Hola a tod@s, ya todos con el calor típico de esta época del año, pensando ya en las vacaciones para cambiar de ambiente, descansar y coger fuerzas para luego volver a empezar. Voy como muy rápido, jajaja, apenas estamos empezando y ahora tenemos por delante un largo y ardiente verano, eso trae consigo, que nos apetezca comer ensaladas, sandías, barbacoas pero deben hacer una excepción con estas empanadillas. Y por supuesto, nos apetece comer cerezas, picotas, esas frutas tan bonitas, que son irresistibles en verano, yo me declaro fan número 1 de las cerezas, que son los caramelos que nos regala la naturaleza.
Están de vicio, se hacen rápido, son sencillas de elaborar. Encendemos el horno y tenemos una recompensa dulce y deliciosa, además la mermelada la hice con poca azúcar, potenciando el sabor de la fruta a tope, utilicé el Vermut Bocamanga para darle ese toque de alcohol que lleva la masa y luego en la mermelada también le agregué un poco, ummm, una maravilla!!! Esta receta es un maridaje entre la zona del Jerte, en Extremadura, con sus cerezas espectaculares y de este exquisito vermut, de Madrid.
Aquí voy con la receta, gracias Serafina, estas empanadillas son espectaculares!!

Las cantidades están por medidas, una medida de licor, una medida de aceite, un puñado de azúcar, y la harina, toda la que admita. Lo que hice fue usar una misma taza para medir, una jarra medidora o taza dosificadora, es un utensilio muy usado en cocina. pero si no tienes este artilugio, utiliza una taza de cafe con leche, no de café solo, sino una taza en condiciones. Así vas midiendo el aceite y el licor. El puñado de azúcar, yo agregué dos cucharadas y la harina que admita, fui añadiendo la harina. amasando, hasta que obtuve una masa que no pegara de las manos, unos 400-500 gramos de harina de todo uso. Por supuesto, si quieres hacer una taza y media, usas la misma taza y siempre mides con la misma.

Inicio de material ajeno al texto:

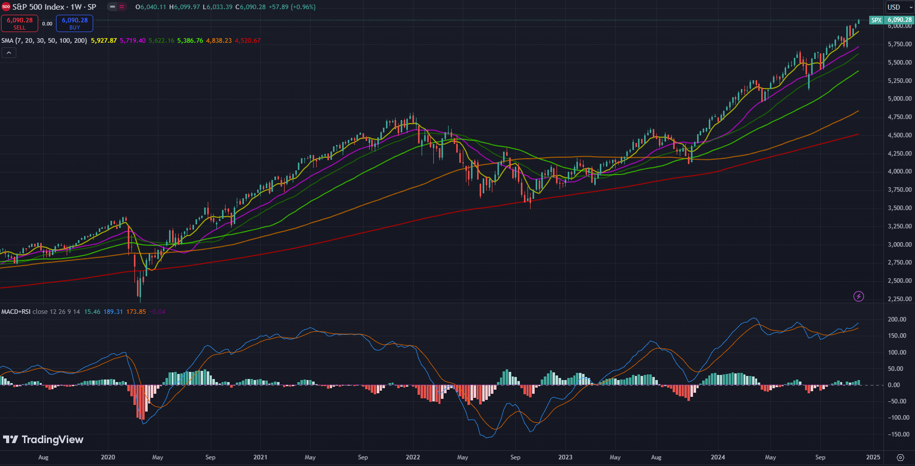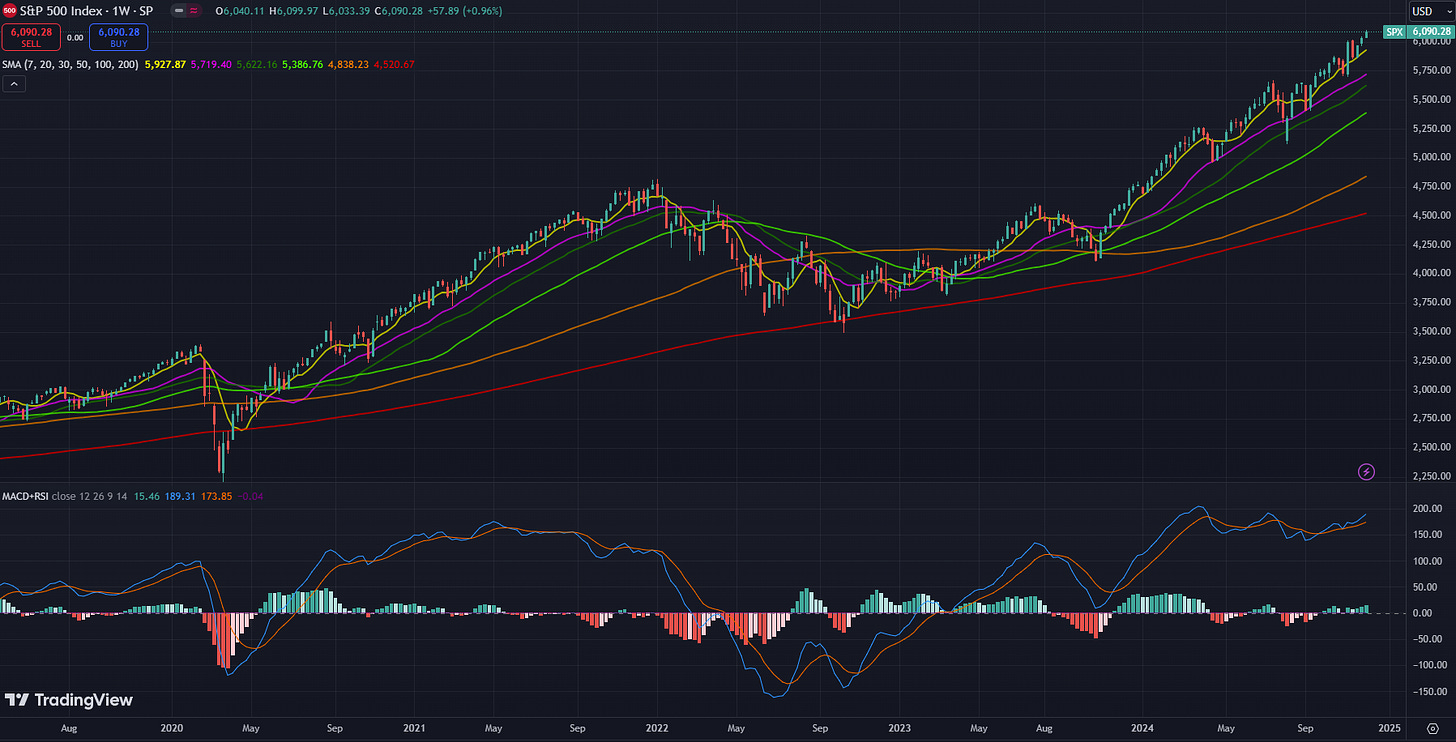 Perspective. Here is SPX since late 2019. This chart includes the COVID-19 crash and the 2022 bear market. Since then, it’s been pretty clear sailing. The hardest patch since 2022 was Aug-Nov 2023, when it dropped close to 11%. As posted last week, we typically have a 10% drop every other year, so this gives us some pause for next year. While I don’t believe we will drop 10% soon, if we were to start now that would take us down to about 5050.

En un bol, pones el aceite, el licor, el azúcar, mezclas y vas echando la harina, vas amasando hasta conseguir una masa elástica, suave y que no se te pegue de las manos. Una vez que la tengas, mete en la nevera una media hora o un poco más, para que la puedas manipular. Una vez pasado este tiempo, haz bolitas como de 100 gramos cada una o del tamaño que quieras.
En una superficie enharinada, con la ayuda de un rodillo, vas extendiendo las bolitas, rellenas con una cucharada de mermelada que ya tendrás lista, cierras la empanada y con un tenedor, puedes ir cerrando los bordes. Ve colocando cada una, en una bandeja de horno que ya has puesto encima, papel encerado, especial para horno.
Una vez que hayas rellenado todas las empanadillas, con la ayuda de un pincel, pinta con el huevo batido. Mete la bandeja en la nevera por una media hora.
Enciende el horno a 180º
Una vez pasado este tiempo, mete la bandeja con las empanadillas hasta que doren unos 20-25 minutos.
Deja enfriar y espolvorea con azúcar glas.

Son exquisitas, puedes disfrutarlas a temperatura ambiente o calentarlas un poco.
Salen entre 10 y 12 empanadillas, depende del tamaño que las hagas.